There is already a fine answer. Here are a few comments and generalizations that might lead to another. Together they are slightly redundant but I don't know which (if any) would work best.
Along with the given sum $$f(n,r)=\sum_{k=0}^{n} (-1)^k \binom{2n}{k} (n-k)^r$$ consider also $$g(n,r)=\sum_{k=0}^{2n} (-1)^k \binom{2n}{k}(n-k)^r.$$
The observation (ignoring the part about odd $r$) is that, seemingly,
$f(n,r)=0$ for even $1 \le r \lt n.$
Here is a claim which looks nicer although it is really no stronger and no weaker:
$g(n,r)=0$ for $0 \le r \lt n.$
The reason the two are the same (aside from the well known case of $r=0$) is that for odd $r,$ $g(n,r)=f(n,r)-f(n,r)$ for odd $r$ and for even $r$ $g(n,r)=f(n,r)+f(n,r)+(-1)^n\binom{2n}{n}0^r.$
However there might be a nice proof for all $r$ which ignores the easier cancellation for odd $r.$
Also, we will note below that "$(n-k)^r$ for $r \lt N$" can be replaced by "$p(k)$ for any polynomial $p(t)$ of degree less than $N.$"

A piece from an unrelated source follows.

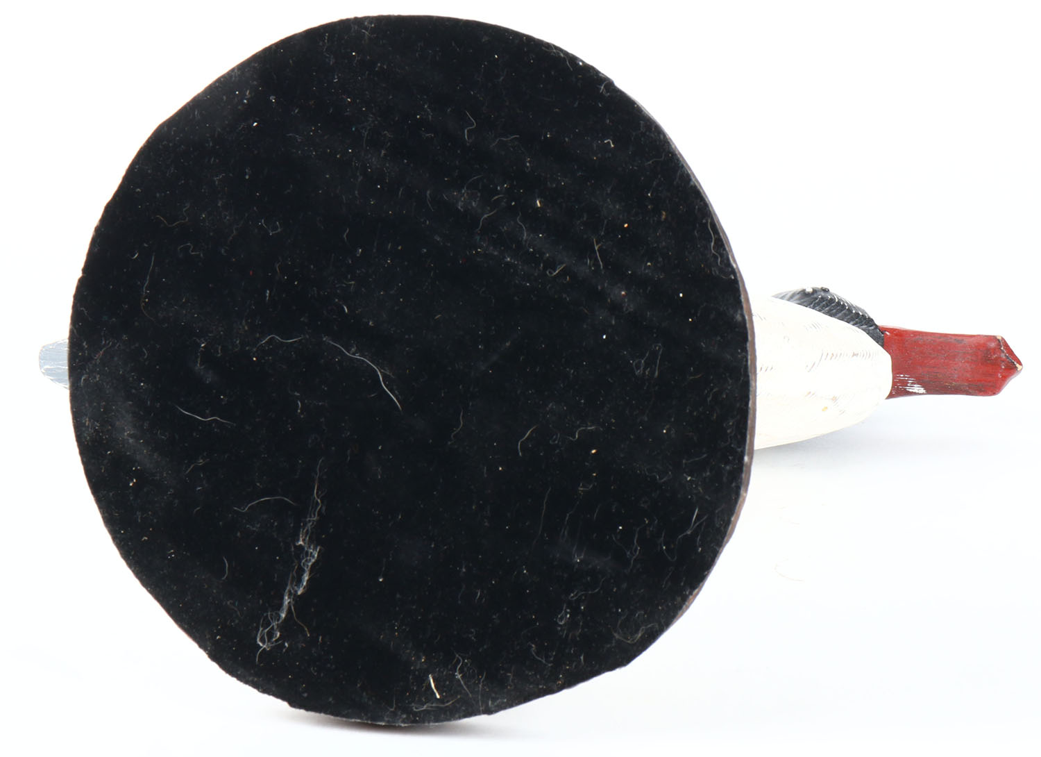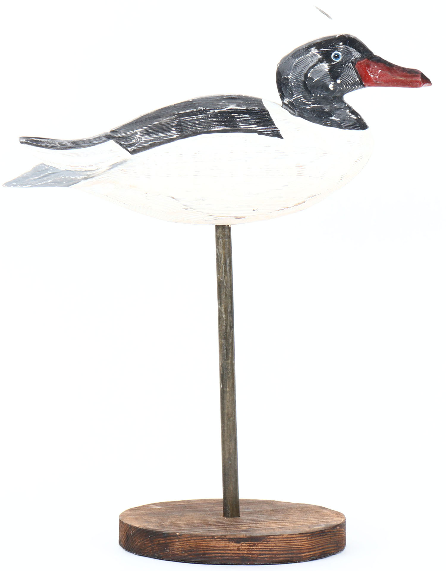 Shorebird by unknown maker, painted eyes, solid wood on wood stand, original paint distressed to appear old, structurally excellent. Grade: Excellent - Value: 10 to 40

The bounds on $r$ are more restrictive than needed. Computations leave one highly confident that
$f(n,r)=0$ for even $1 \le r \lt 2n.$
Equivalently
$g(n,r)=0$ for $0 \le r \lt 2n.$
of course for the rather trivial reason $g(n,r)=0$ for any odd $r.$
Since the functions $t^0,t^1,\cdots,t^{2n-1}$ are a basis for the space $P_{2n-1}(t)$ of polynomials of degree less than $2n,$ the last claim that
$\sum_{k=0}^{2n} (-1)^k \binom{2n}{k}(n-k)^r=0$ for $0 \le r \lt 2n$
is equivalent to
$\sum_{k=0}^{2n} (-1)^k \binom{2n}{k}p(n-k)=0$ for all $p \in P_{2n-1}(t)$
and hence also to
$\sum_{k=0}^{2n} (-1)^k \binom{2n}{k}q(k)=0$ for all $q \in P_{2n-1}(t)$
This fits in nicely with the remark about finite differences.
Using a different basis
$\sum_{k=0}^{2n} (-1)^k \binom{2n}{k}\binom{k}{r}=0$ for $0 \le r \lt 2n.$
Now consider for a polynomial $p=p(t)$ the sum
$$G(N,p)=\sum_{k=0}^{N} (-1)^k \binom{N}{k}p(k).$$
The previous claim
$g(n,r)=G(2n,(n-t)^r)=0$ for $0 \le r \lt 2n$
which , as explained, is equivalent to
$G(2n,p(k))=0$ for any $p\in P_{2n-1}$
Does not depend on the bound being even:
$G(N,p(k))=0$ for any $p \in P_{N-1}$
Finally, here is another perspective which follows from (and imples) some of the above. Consider the polynomials
$$h_{n,r}(t)=\sum_{k=0}^{n} t^k \binom{2n}{k}(n-k)^r.$$
The starting claim was
For even $1 \lt r \lt 2n,$ $h_{n,r}(-1)=0$ i.e. $(t+1)$ divides $h_{n,r}.$
In fact
$(t+1)^{2n-r}$ divides $h_{n,r}.$
Again, the moves of changing to $\sum_{k=0}^{2n} t^k \binom{2n}{k}(n-k)^r$ and then $\sum_{k=0}^{N} t^k \binom{N}{k}p(k)$ are possible with the last thing being divisible by $(t+1)^{N-r}$ where $r \leq N$ is the degree of $p(t).$